私は恥を忍んで、在昌さんにお願いする事にした。

「あ、在昌さん…」
「ん?」
「あ、あの、ファスナーを閉めて頂いても宜しいでしょうか…」

ドアを少し開け、顔を出しながら在昌さんにお願いした。
在昌さんは悟ったようで、謝りながら私の元へと足を向けた。

「ごめん、気が回らなかったよね」
「い、いえ!素敵なお洋服をありがとうございます!」

私の後ろに立ち、ジーッとファスナーを上げてくれた。肌を見られる事に恥じらいを感じたが、全開で歩くよりかはマシだろう。

私は振り向いて、在昌さんにお礼を言おうとしたが、何故か身体が動かなかった。

「あ、在昌さん…?」

在昌さんの手が、私の肩を掴みながら首筋をすぅっと撫でる。こそばゆい感覚に私の身体は震えて。あ、と小さく声が漏れたと同時に首に何かの感触が。この濡れた感触は舌、だ。

「……っん、」
「――はぁ」

何かに耐えるかのように吐息を漏らしながら、私の身体を抱きしめた。微かに掛かる吐息がこそばゆい。

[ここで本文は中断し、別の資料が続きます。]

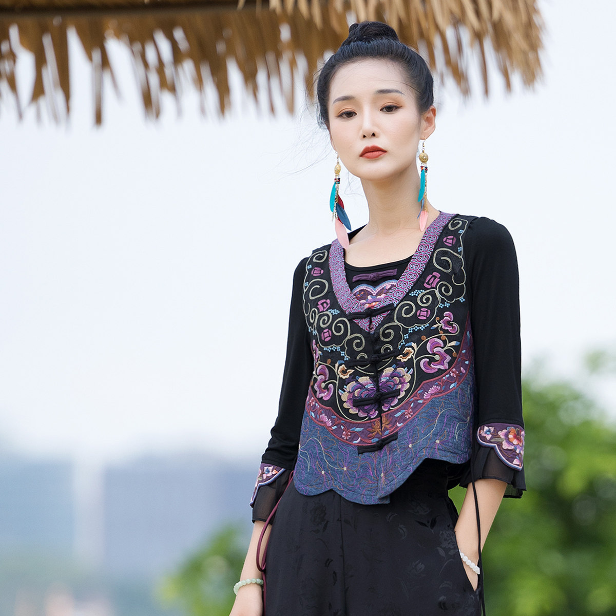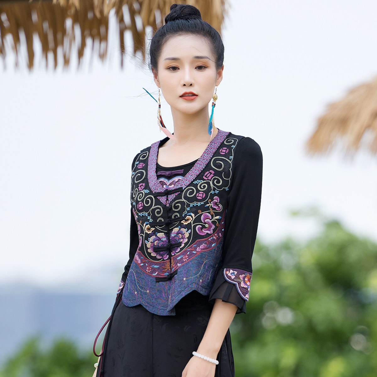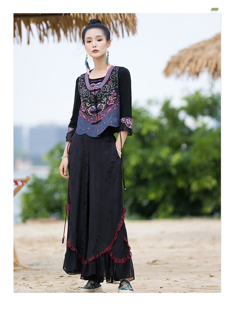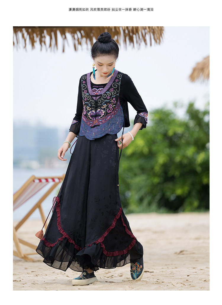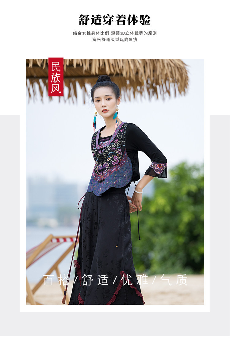 Новая женская национальная вышивка цветы, лепестки веревки, контрастные цвета, личностные самолеты, атласный жилет

暫くの沈黙が流れた後、私から離れた在昌さんはごめん、と小さく呟いてリビングへと戻っていった。
いきなりされた抱擁に、今更になって呼吸が乱れる。いまだに背中に残る在昌さんの温もり。

私は急いで冷水で顔を洗った。このままだと昨日のような状況になりそうだった。何度も冷水を顔に浴びせる。そうすれば冷静を取り戻せるような気がしたから。